Life can be seen to have its eddies and currents, time its waves and ripples. Sometimes events leave their resonances in the greater stream of existence, echoing down through the years like some sort of macabre curse, playing out in the Here and Now lives of ordinary people.

(We recently have re-read the story of Poe called “William Wilson,” which concerns the seeming doppleganger of an unfortunate, or dissolute young man–a being that seems to haunt his steps through life from school until, finally, he succumbs to the fury of his terror and stabs out at the phantasm, only to find he HAS KILLED HIMSELF IN THE PROCESS. In other words, he was his own worst enemy all along.

Of course, stories of such dopplegangers exist in reality. Or, at the very least, are said to exist, or have so existed. Goethe is said to have met his doppleganger or even future self while traveling a country road. Even more perplexing is the story of a Victorian teacher who is said to have exhibited a doppleganger while occupied in the classroom. The mysterious figure appeared before astounded students, who testified that this double imitated every action and mannerism of their teacher before disappearing. Apparently, the weird manifestation happened more than once.)

All arguments to the contrary, there is nothing new under the sun. Life sends forth its echoes, the Law of Averages dictates that certain outcomes are a given, taking into account certain correlates that, failing any great deviation, will manifest themselves, scientifically, as thus-and-thus, so on and so forth…

But over a century and a half? Can great and painful incidents, we must ask, repeat themselves in the lives of subjects separated by great gulfs of history, as if the same occurrences, widely separated by time, are still, nonetheless, fated to play on in a sort of sick autopilot of the world of real and tangible events? What are we to make of the uncanny coincidences and odd twists of fate that bespeak a larger intelligence? (Albeit, it is an intelligence that, because of the vast distances of time involved, must remain to us wholey inscrutable.)

So it must be with an obscure subset of happenings known as the Erdingtom Murders.

The facts as they stand.

On May 27th, 1817, the day after Whit Monday, the body of popular, pretty local girl named Mary Ashford was found in a flooded sandpit in Erdington, a small town outside of Birmingham, England. The girl had apparently been raped and strangled before being unceremoniously deposited, sometime after four in the morning, which was the last time she had been seen. She had apparently been in the company of young Abraham Thornton, a local bricklayer who had accompanied her from the dance to the house of a friend, so she could change her dress at the ungodly hour of three in the morning. According to Thornton, she had not emerged no matter how long he waited; exhausted, he decided to return home chastened.

(He also later claimed the couple had had sexual intercourse, although it had not been rape.)

Several witnesses attested to having seen the girl walking country lanes in the wee hours of the morning. She was last seen, alone, in Bell Lane, about 4:15 AM, by a Mr. Broadhurst. Another witness confirmed this.

It was at 6:30 that a local laborer discovered a set of bloody clothing, and alerted the police. Following the footprints of a man and woman, the police soon found the body–the girl had been sxually violated, then strangled.

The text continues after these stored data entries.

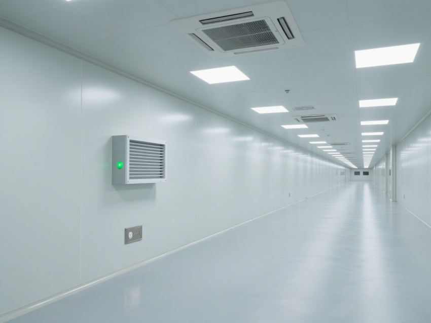 精準還原電子行業潔凈空間,白灰主色調貫穿整體,風格簡約專業且質感統一。淺白墻面搭配淺灰地面、金屬色設備接口線條,既符合電子車間低塵、抗靜電的核心需求,又通過色調層次避免空間單調,視覺上凸顯潔凈通透的特質。?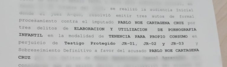 Tegucigalpa, Francisco Morazán. – La Unidad Contra la Trata, Explotación Sexual Comercial y Tráfico de Personas (UTESCTP), obtuvo auto de formal procesamiento contra Pablo Noé Cartagena Cruz, a quien se le supone responsable de tres delitos posesión de pornografía infantil, un delito de exhibicionismo agravado, en perjuicio de tres víctimas identificadas como testigos protegidos.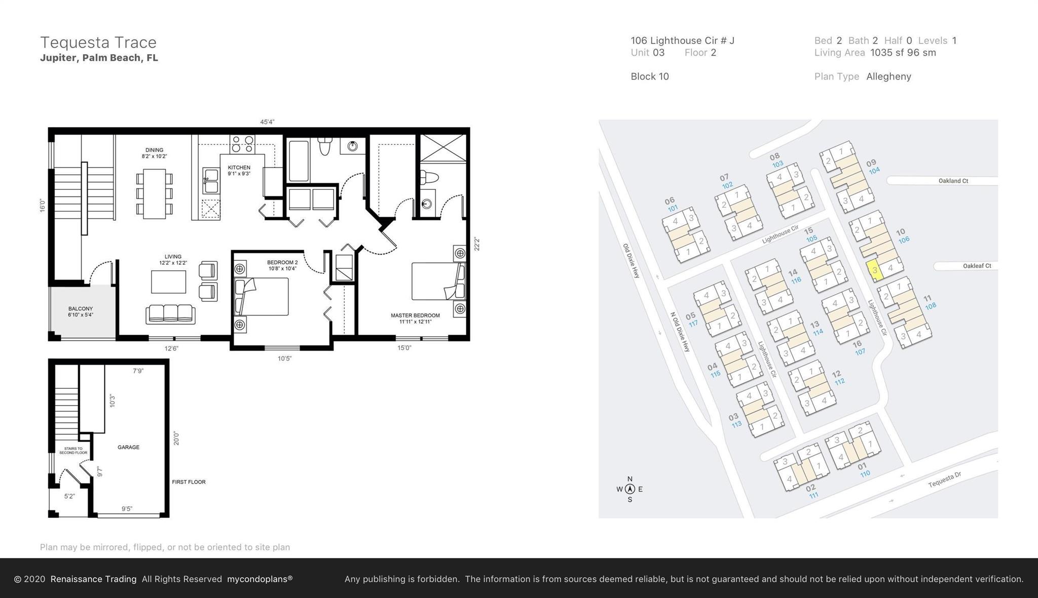 Open Floor Plan Condo:2 Bedroom, 2 Bath, 1 Car Garage, 1035 s.f., 2nd Floor Condo in Quiet Tequesta, Florida. Includes primary bedroom with en-suite bathroom and large walk-in closet. Laundry closet with washer (1 year old)/dryer. Kitchen has 1 year old refrigerator and new dishwasher. Accordion Hurricane shutters. 1 year old water heater. Roof replaced 2023. End unit is in back of the community. Community Pool and playground. Well run homeowners' association with reserves. Close to beaches, dining, Publix, Starbucks, pharmacy. A rated school. Minutes from beaches.

Of course, the immediate suspect was Abraham Thornton, who in no wise did not initially suspect he was the main suspect. He willingly confessed his shock and outrage at the news of the death, confessed readily to having accompanied her to her friend’s house to change the dress. Then claimed to have simply gone home.

(The confession ot sexual congress did not come about until later, we are given to understand.)

Quickly arrested, Mr. Thornton was just as quickly tried. his version of events must seem idyllic and tragic in light of the later murder. (His stirring statement, “I cannot believe she is murdered, I was with her until four am.” is rather perplexing in light of later revelations.)

The couple walked, hand in hand, to the top of Bell Lane stile, crossing an open field under the stars. Their passionate ardor apparently spent, perhaps there was regret or shame, or deeply naive love, of a sort. Whatever the case, after four that morning, the life of Mary Ashford would end in brutal, ugly tragedy, at the age of twenty.

Mr. Thornton spoke briefly that morning with a gamekeeper of his acquaintance. He was alone. Within the house of Hannah Cox, Mary Ashford was trying on a dress, telling her friend with a mounting trepidation that she felt this week, especially, held some terrible tragedy for her.

Outside, her errant beau began to feel that his new love was jilting him. Perhaps he waited for the vanished star amidst the bushes and shrubs, a tear falling from the corner of his eye as his heart sank within his breast. But could he wait out there all night? Hardly.

Finally, shivering, he headed home. Independent witnesses, such as the gamekeeper, confirmed this account later.
***

It took six minutes for a jury to acquit Mr. Thornton. Which should have been t he end of the matter. However, the legal wrangling of 1817 permitted Miss Ashford’s brother William to appeal the acquittal (!), thus ensuring that a new trial would be held at the Court of the King’s Bench that 17th of November. Making an unprecedented move, Mr. Thornton quite literally stood, and casting down a leather gauntlet, proclaimed, “I am not guilty. And I am ready to defend the same with my life.”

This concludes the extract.